7.3.3 …Dans lequel on progresse de manière graduelle

Si la première étape est conçue comme espace de repos et de ressourcement, se tient en parallèle une idée de progression, inscrite dans un mouvement d’autonomisation, d’ascension sociale, d’adaptation. On comprend en ce sens que les termes usagers et bénéficiaires sont discrédités par les travailleur-euse-s. Tout d’abord on accueille l’autre « tel qu’il est, ça veut dire déjà reconnaître la personne en tant que personne, en tant qu’individu, et puis ensuite lui proposer de participer à différentes activités (…) où les gens sont invités à parler, à communiquer, à échanger » (p. 8), puis la transformation au sein de l’institution est signifiée.

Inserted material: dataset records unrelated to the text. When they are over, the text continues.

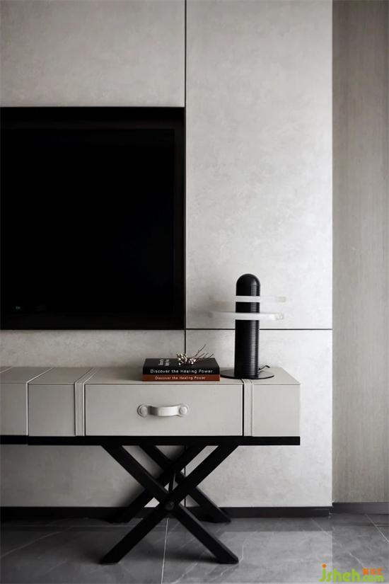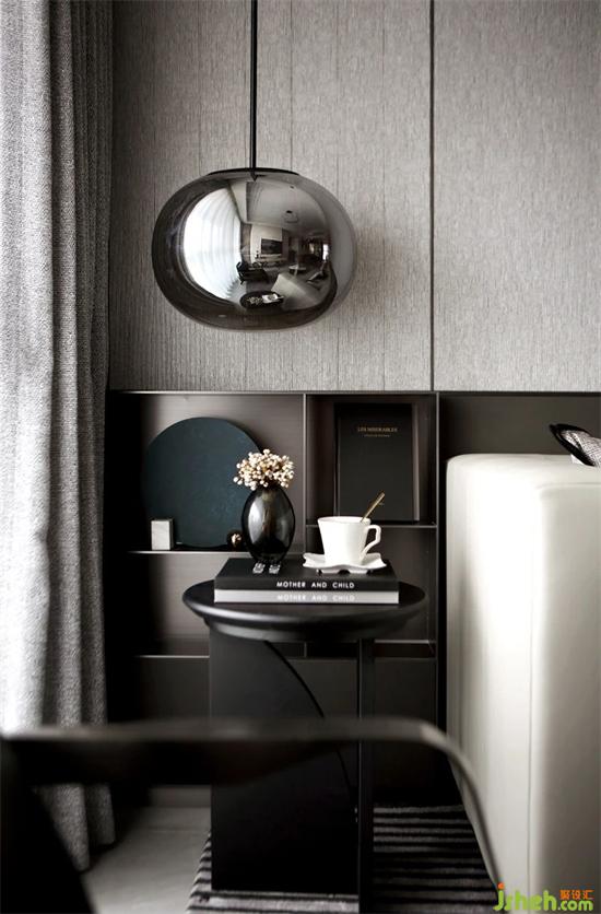 沙發(fā)兩側(cè)以收納架墻體內(nèi)嵌的方式呈現(xiàn),黑銅為柜體主材,橫豎標(biāo)格間自成收納空間,加以同色系的時尚擺件,精致優(yōu)雅空間格調(diào)一一顯現(xiàn)。深圳崗宏融湖居精裝提升樣板房設(shè)計擺件也是經(jīng)過精心篩選而出,傳遞著科技、人文、綠色、再生等新時代的準(zhǔn)則或期盼。為生活場所的每一份用心,都是為了讓愛得以棲居。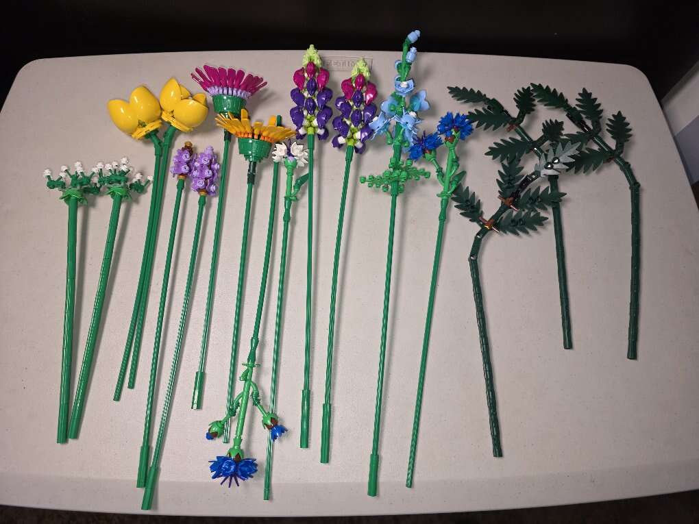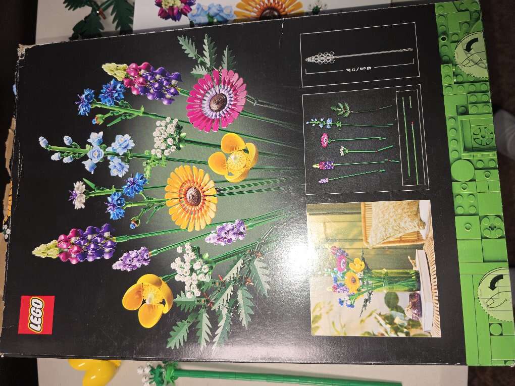 Pre-Owned LEGO Botanicals Artificial Wildflower Bouquet 98% Completed. missing one flower and a leaf on the piece is upside down on photo.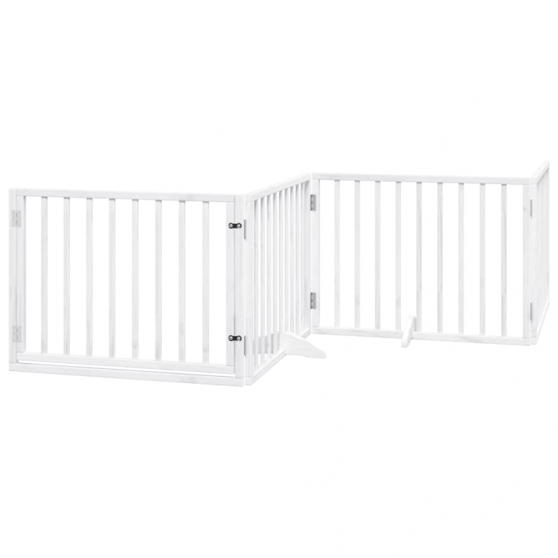 8-tlg. Hundetor mit Tür Faltbar Weiß 640 cm Pappelholz

Par exemple pour Nicolas, apprendre le français peut « permettre de trouver autre chose, se défendre » (168), « pouvoir s’en sortir, (…) évoluer, (…) monter les échelons qui leur sont possibles de monter » (157). Pour Gaspard, la fréquentation du lieu augure un début de réflexion sur soi, « qu’il se passe un peu quelque chose que les gens repartent un peu mieux qu’ils sont arrivés » (G,84) « quand-même, on intervient dans le domaine des addictions, donc les gens qui sont envoyés chez nous, qui viennent ont quand-même en tête à un moment, si ils passent le pas c’est quand-même de réfléchir un bout à leur consommation, je pense que ça c’est quand-même sûrement un des axes un peu le plus important » (G,92). Lucienne évoque la possibilité de proposer un rythme de vie, dans notre système social, souvent modéré par le travail, « ça leur redonne un peu un rythme de vie, d’avoir un horaire d’être attendu, s’ils viennent pas au bout de 2 fois on va leur téléphoner pour savoir ce qu’il se passe » (116). La notion de compétences est citée, les mettre en évidence chez les personnes accueillies est pensé comme une tâche du travail social, il s’agit de les valoriser, de les restaurer : « j’ai envie de leur montrer qu’elles ont des compétences qu’elles arrivent à faire pleins de choses, qu’elles sont admirables, qu’elles sont sensibles j’ai envie de leur donner ça » (L, 90).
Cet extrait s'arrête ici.